▶ [WHAT IS NEEDED] Omit all images, then repeat exactly the lines below from the one containing "ボタン仕様…大きめボタン&斜" through the one containing "- Provozní teploty", both ends included.

▶ [TASK MATERIAL]
--- START ---

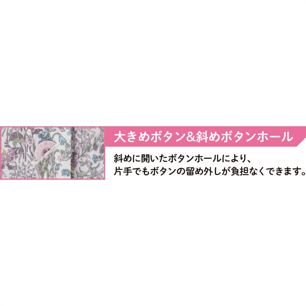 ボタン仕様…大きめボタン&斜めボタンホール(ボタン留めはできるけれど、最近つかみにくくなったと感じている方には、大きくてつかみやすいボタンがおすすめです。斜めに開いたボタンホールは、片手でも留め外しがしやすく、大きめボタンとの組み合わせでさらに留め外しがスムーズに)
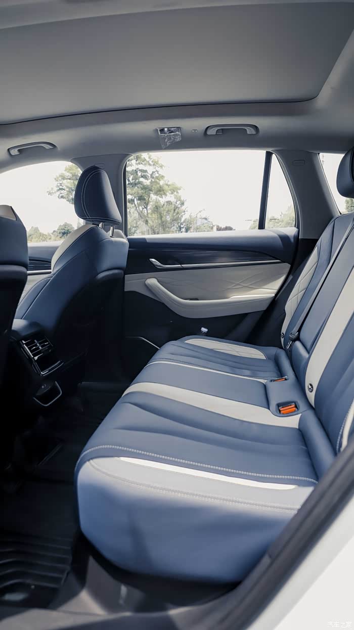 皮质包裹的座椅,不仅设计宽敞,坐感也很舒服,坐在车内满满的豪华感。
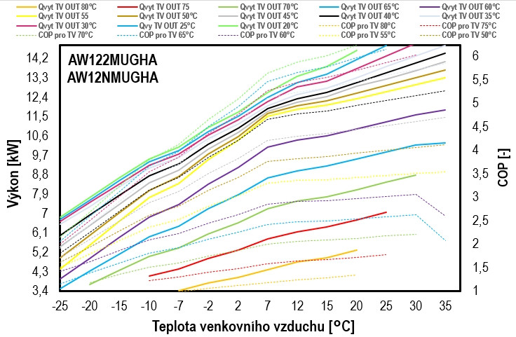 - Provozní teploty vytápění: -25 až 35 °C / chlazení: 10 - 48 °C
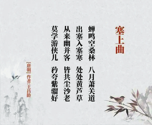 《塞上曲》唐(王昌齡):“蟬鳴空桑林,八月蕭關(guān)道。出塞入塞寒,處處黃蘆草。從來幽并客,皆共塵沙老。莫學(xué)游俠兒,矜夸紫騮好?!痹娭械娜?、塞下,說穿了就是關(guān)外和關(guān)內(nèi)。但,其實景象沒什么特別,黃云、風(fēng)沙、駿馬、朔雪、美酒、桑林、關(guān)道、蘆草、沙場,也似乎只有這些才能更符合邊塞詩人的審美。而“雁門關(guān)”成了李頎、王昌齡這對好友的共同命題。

--- END ---
--- START ---

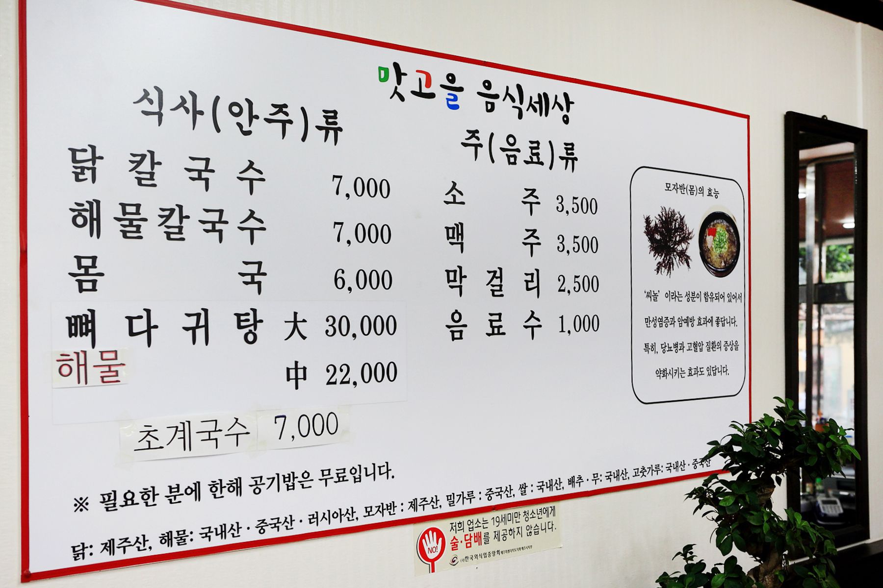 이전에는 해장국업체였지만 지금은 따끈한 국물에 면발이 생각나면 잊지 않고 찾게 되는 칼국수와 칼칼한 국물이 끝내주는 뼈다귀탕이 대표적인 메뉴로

--- END ---
--- START ---

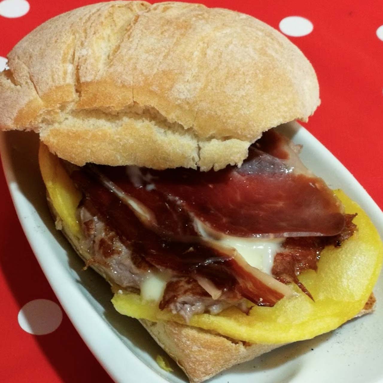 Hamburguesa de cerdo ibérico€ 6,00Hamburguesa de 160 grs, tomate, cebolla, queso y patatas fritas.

--- END ---

▶ [OUTPUT FOR THIS TASK]
 ボタン仕様…大きめボタン&斜めボタンホール(ボタン留めはできるけれど、最近つかみにくくなったと感じている方には、大きくてつかみやすいボタンがおすすめです。斜めに開いたボタンホールは、片手でも留め外しがしやすく、大きめボタンとの組み合わせでさらに留め外しがスムーズに)
 皮质包裹的座椅,不仅设计宽敞,坐感也很舒服,坐在车内满满的豪华感。
 - Provozní teploty vytápění: -25 až 35 °C / chlazení: 10 - 48 °C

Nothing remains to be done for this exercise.